High School

A loudspeaker is found to set a violin string placed near it into oscillation at frequencies 966.0 Hz and 1449.0 Hz only. This loudspeaker is fed by an audio oscillator with a frequency range of 800 Hz to 1500 Hz. If the violin string is 31.0 cm long with a linear density of 0.718 g/m, calculate the tension in the string.

Answer :

Final answer:

The tension in a violin string that oscillates at 966.0 Hz, we can use the formula for the frequency of a standing wave on a string, rearranged to solve for tension. Assuming that 966.0 Hz is the fundamental frequency, we can calculate the tension by substituting the given values of string length and linear density into the formula.

Explanation:

To calculate the tension in a violin string that oscillates at given frequencies when exposed to sound from a loudspeaker, we can use the formula for the frequency of a standing wave on a string: f = (n/2L) * sqrt(T/μ), where f is the frequency, n is the harmonic number, L is the length of the string, T is the tension, and μ is the linear density (mass per length).

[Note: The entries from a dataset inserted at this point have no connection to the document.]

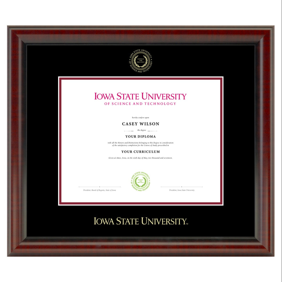 This Iowa State University Bachelors diploma frame is crafted from solid wood in the USA. Proudly display your Iowa State diploma with museum quality conservation mounting materials to showcase and protect your Iowa State University diploma.
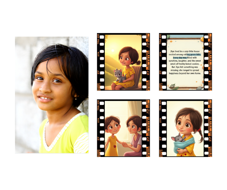 Not just their name… but their face, their character, their dreams — beautifully crafted in an AI-powered illustrated story made just for them.
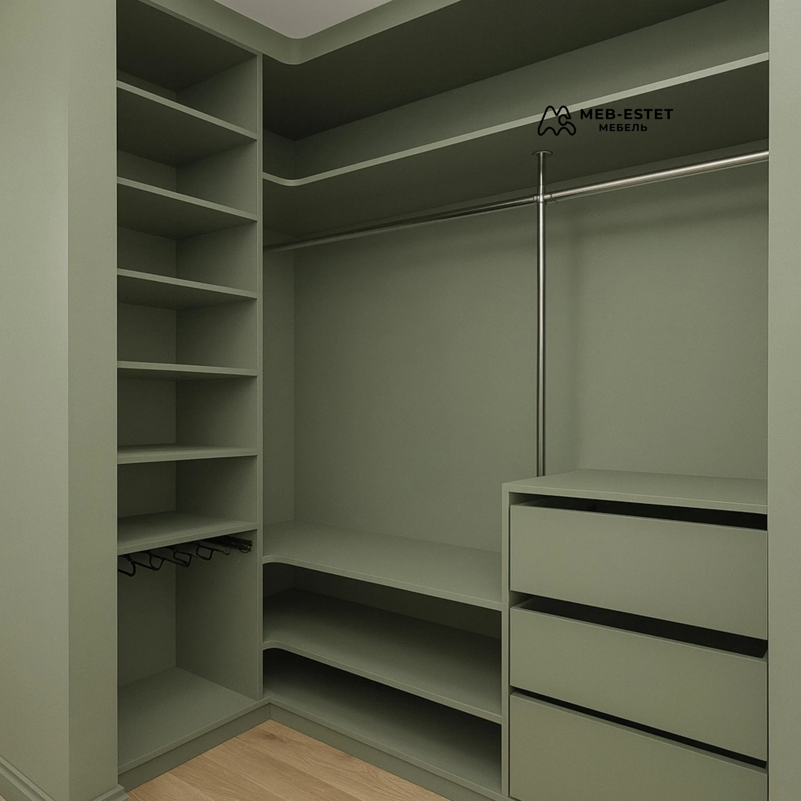 Функциональная угловая гардеробная под индивидуальный размер, выполнена в матовом зелёном тоне. Конструкция предусматривает выдвижные ящики с интегрированными ручками, открытые полки для обуви и аксессуаров, а также прочную штангу с вертикальной стойкой для длинных вещей.
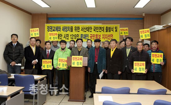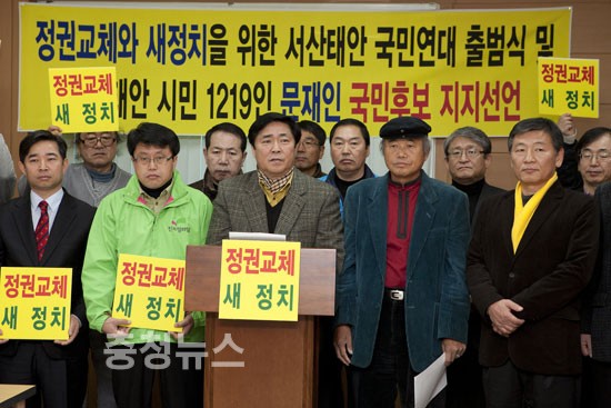정권교체와 새 정치를 위한 서산태안 국민연대(이하 서산태안 국민연대)는 11일 서산시청 브리핑룸에서 기자회견을 갖고 민주통합당 문재인 후보에 대한 지지선언을 했다.
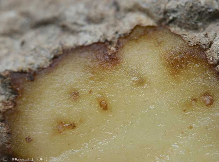 Tuber infection by M. chitwoodi may subsequently develop into internal reddish spots around the female nematodes (photo 7).
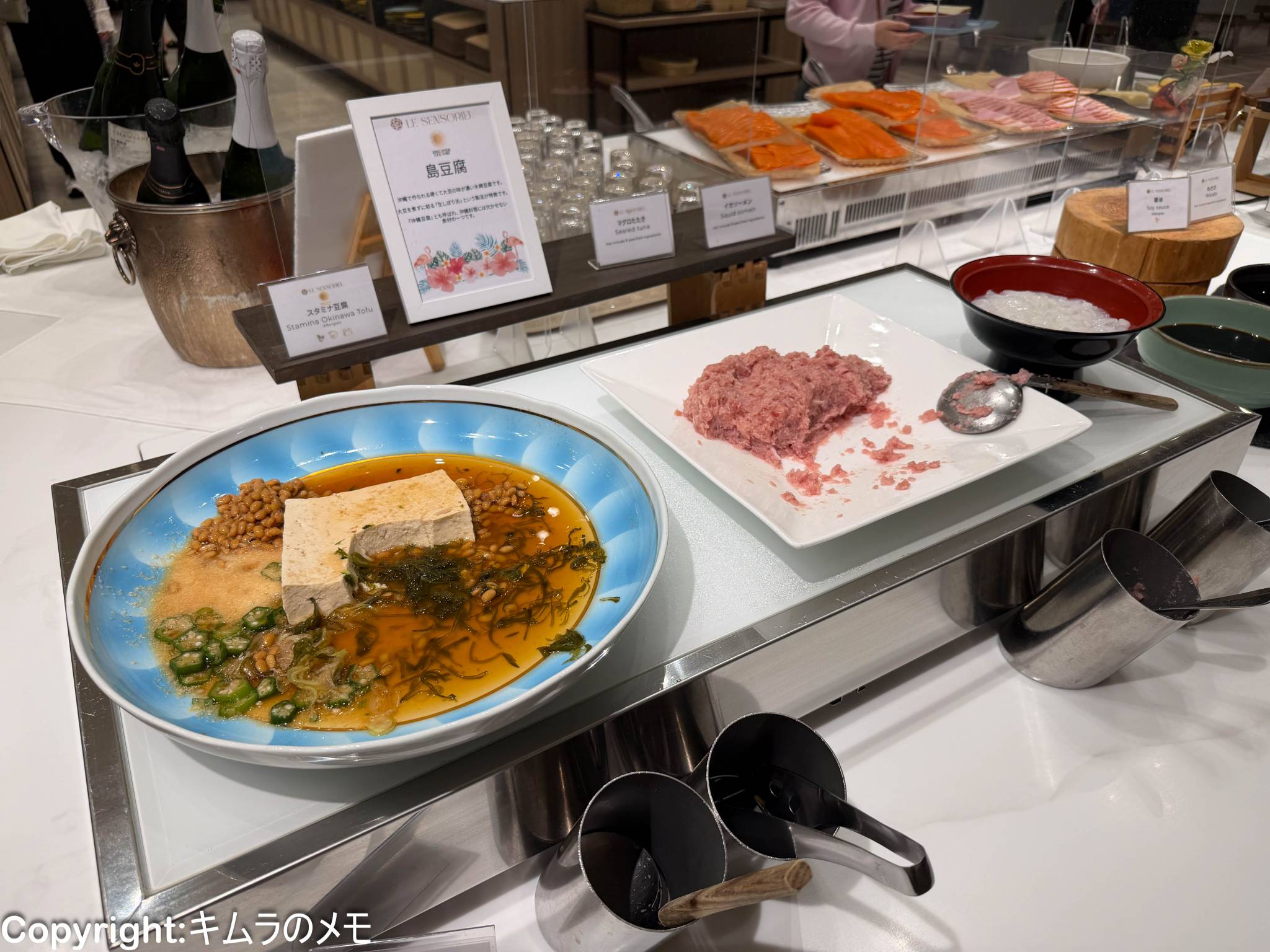 こちらには島豆腐やマグロのタタキ、イカソーメンが用意されている。

Since the frequencies mentioned are 966.0 Hz and 1449.0 Hz, these are likely to represent different harmonics of the string. The fundamental frequency is typically the lowest frequency at which the string oscillates, which would be when n=1. However, since we're not given which harmonics these frequencies correspond to, we will assume that 966.0 Hz is the fundamental frequency (n=1).



We can rearrange the formula to solve for T: T = (2Lf)^2 μ. Given that L is 31.0 cm (or 0.310 m) and μ is 0.718 g/m (or 0.000718 kg/m), we can substitute these values into the formula: T = (2 * 0.310 m * 966.0 Hz)^2 * 0.000718 kg/m. Computing this will yield the tension in the string in newtons.